Switchbacks and the Bridge to Nowhere

TL;DR

This paper explores the geometry of Einstein-Rosen bridges in one-sided black holes, relates quantum complexity to black hole dynamics, and applies geometric methods to phenomena like fast scrambling and the switchback effect.

Contribution

It introduces a geometric framework for understanding quantum complexity in black holes and applies it to analyze phenomena like the switchback effect and information scrambling.

Findings

Quantitative solutions for one-sided ERBs are provided.

The Nielsen geometric approach effectively models black hole complexity.
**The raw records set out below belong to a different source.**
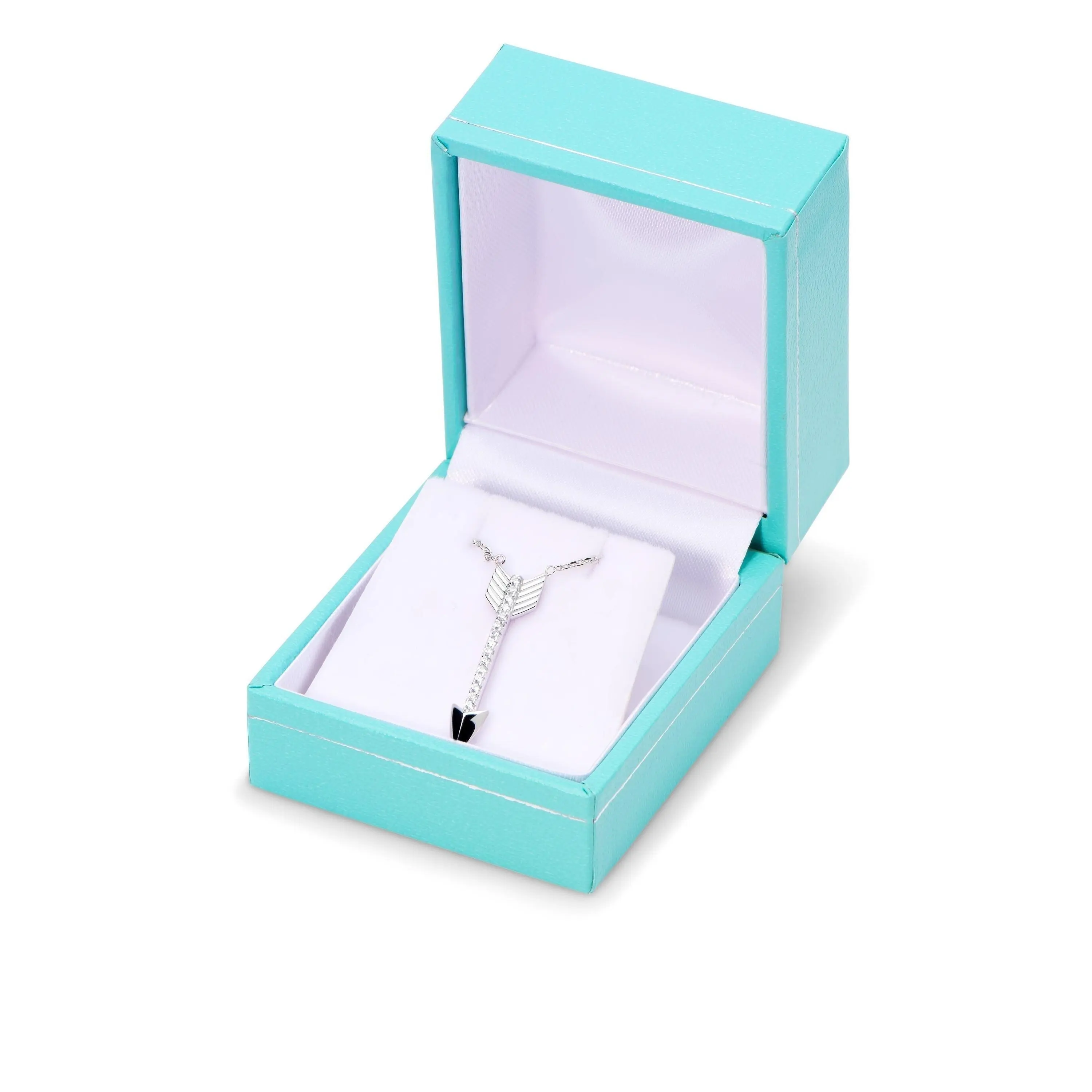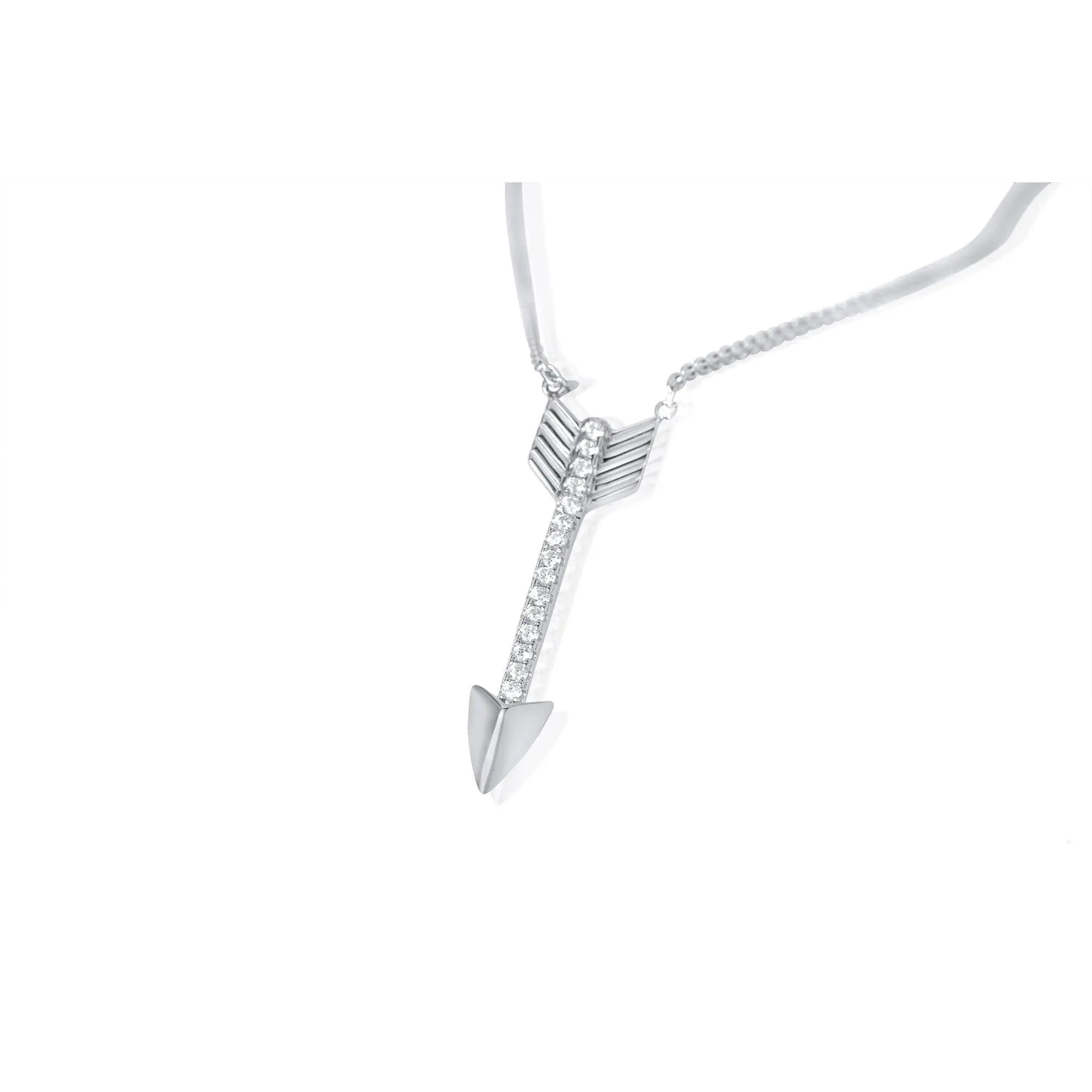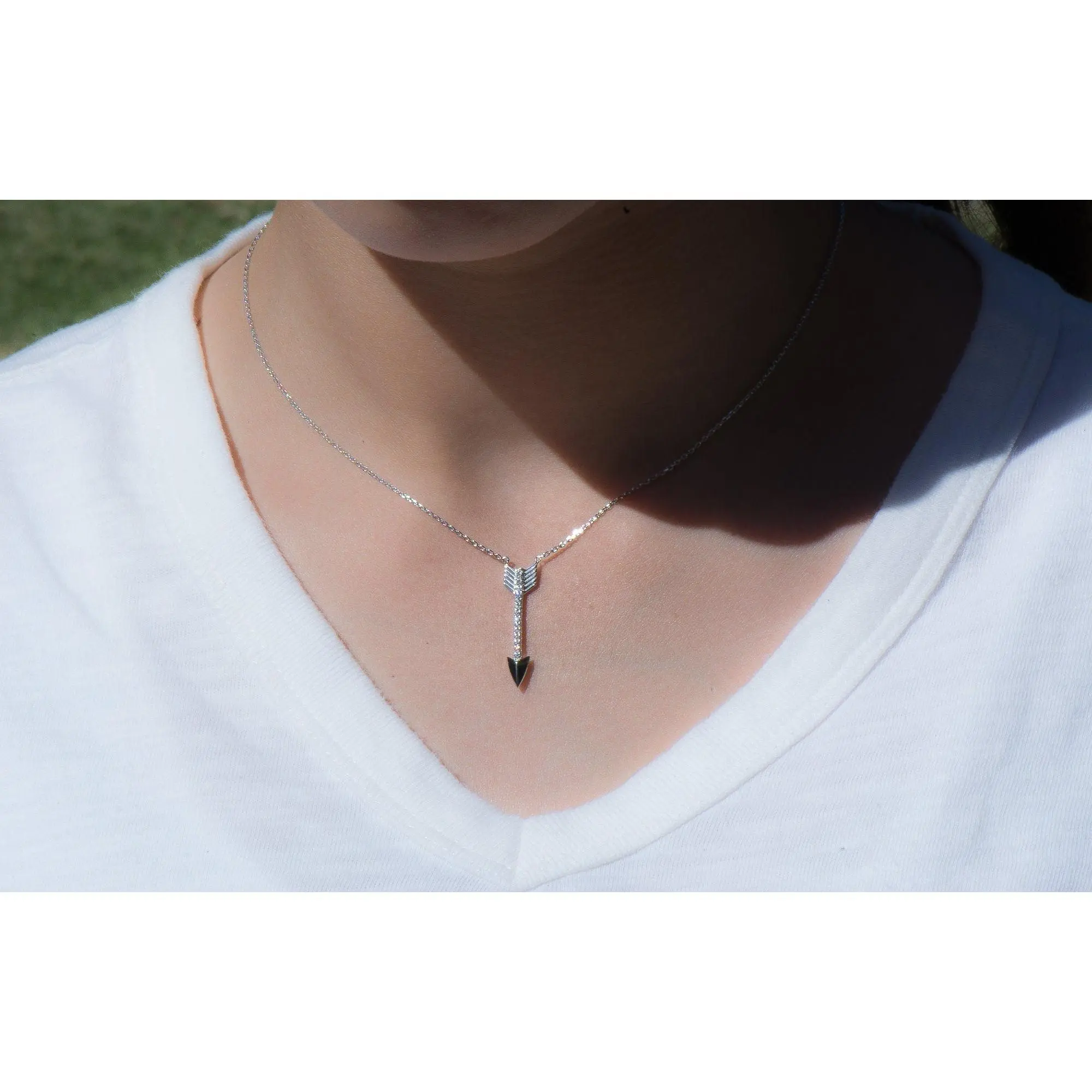 Solid Sterling Silver Vertical Arrow Necklace, 15 round brilliant cut cubic zirconia are prong set on this pointing down Arrow design. The Sterling Silver 16" cable link chain has a 1.5" extension so you can adjust the length. Aim straight to her heart with this on-trend fashion necklace.
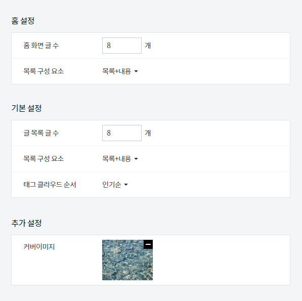 스킨 편집 페이지에서, 오른쪽에 보이는 추가 설정 섹션의 커버이미지를 클릭하여 이미지를 변경한다.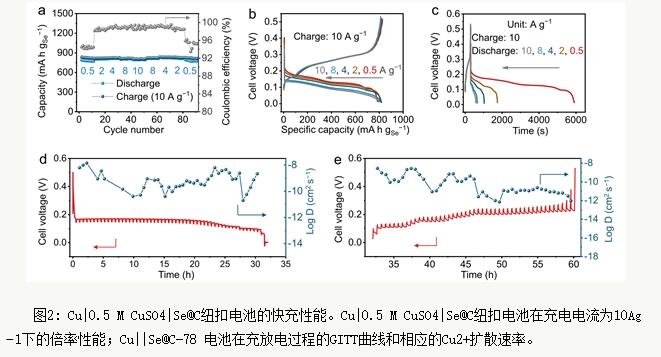 由于在充放電過(guò)程中的中間產(chǎn)物難溶于水,因此可以從根源上避免有機(jī)系Se基電池中多硒化物的穿梭效應(yīng)。Cu|0.5 M CuSO4|Se@C-48紐扣電池能夠在5分鐘內(nèi)充電800 mAh gSe?1(充電電流10 A g?1)。且當(dāng)Se@C中Se含量提高至65%時(shí),電池的快充性能無(wú)明顯變化(圖2)。Zn|0.5 M ZnSO4 ||0.5 CuSO4 |Se@C全電池可以在9分鐘內(nèi)的充電到900 mAh gSe?1,顯示出具有發(fā)展為快充電池的潛力(圖3)。第一性原理計(jì)算表明,放電中間產(chǎn)物具有優(yōu)異的電子導(dǎo)電率,此外,充放電過(guò)程中的體積效應(yīng)能夠促進(jìn)充放電速率。

Insights into the switchback effect and fast scrambling are achieved.

Abstract

This paper is in three parts: Part 1 explains the relevance of Einstein-Rosen bridges for one-sided black holes. Like their two-sided counterparts, one-sided black holes are connected to ERBs whose growth tracks the increasing complexity of the quantum state. Quantitative solutions for one-sided ERBs are presented in the appendix. Part 2 calls attention to the work of Nielsen and collaborators on the geometry of quantum complexity. This geometric formulation of complexity provides a valuable tool for studying the evolution of complexity for systems such as black holes. Part 3 applies the Nielsen approach to geometrize two related black hole quantum phenomena: the rapid mixing of information through fast-scrambling; and the time dependence of the complexity of precursors, in particular the switchback effect.